即便是正午,经过窗帘的过滤,阳光落进宿舍也仅剩一抹灰蓝。
飞机杯仍时不时地抽搐,肉穴中精液混同着淫水淌出来,在桌面聚成一滩逐渐扩张的小洼。
话题不知不觉扯到了杨仪敏身上,三人便鬼使神差般一同盯住被光线浸染成深灰的飞机杯。
胖子说完没再吭声,眼镜和大炮也不约而同陷入了沉默,眼神一水地飘忽不定,似是正在以各自的角度回忆那个娇俏妇人的面貌与身姿。

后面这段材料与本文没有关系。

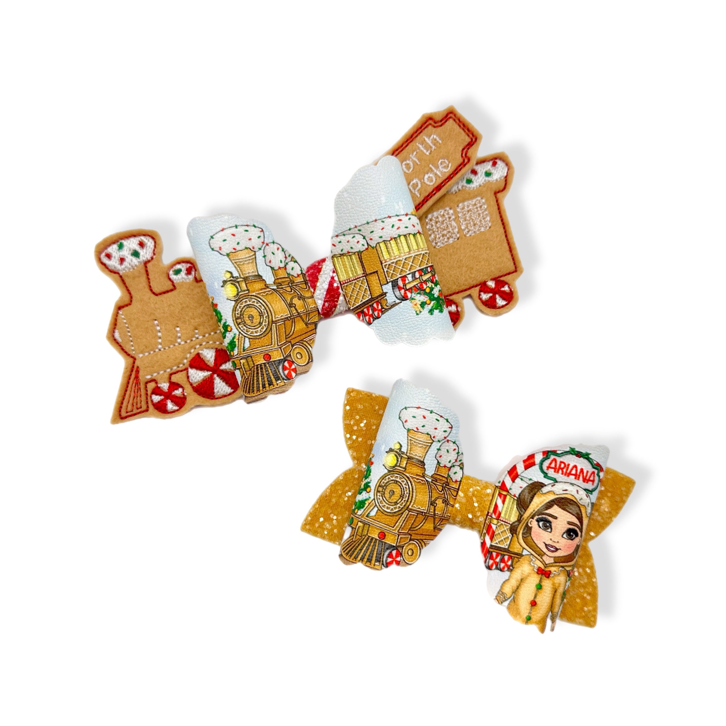 GINGERBREAD DOLLY EXPRESS TRAIN BOWS 3.5” | PRE CUT DIY HAIR BOW LOOPS

过了几分钟,大炮忽然一拍大腿:“操!当初就该给她裤子扒了,看看那俩屁股底下究竟藏了个啥!”胖子被吓了一跳,有点不满地怼了他一句。
倒是眼镜仍旧盯着飞机杯怔怔出神。
在两个舍友你来我往渐渐互呛出一丝火气之际,他就像个游离在外的思想者,始终沉凝着一语不发。
“别扯那有的没的!你他妈就是胆小!”大炮瞪着眼,口水狂喷。
“跟胆小有什么关系?你胆量大,鸡巴也大!你给她操服了吗!?真要当面弄…上次来学校,连你爸都镇不住她!”胖子同样梗着脖子叫:“那就不是一般人!”
“屄在咱手里,还怕她不就范!?”
“万一呢?万一不就范呢?就算当时没法反抗,回头她报警告咱强奸咋办?”喘了口气,胖子意识到声音有些大了,挠挠头语气放缓道:“我能把她撵进厕所不敢出来,你能在没人的地方操得她嗷嗷叫,是因为咱在暗处。真把东西端明面上来,人又不是泥捏的,咋可能前脚抖完屁股,后脚还红着脸跟你笑?”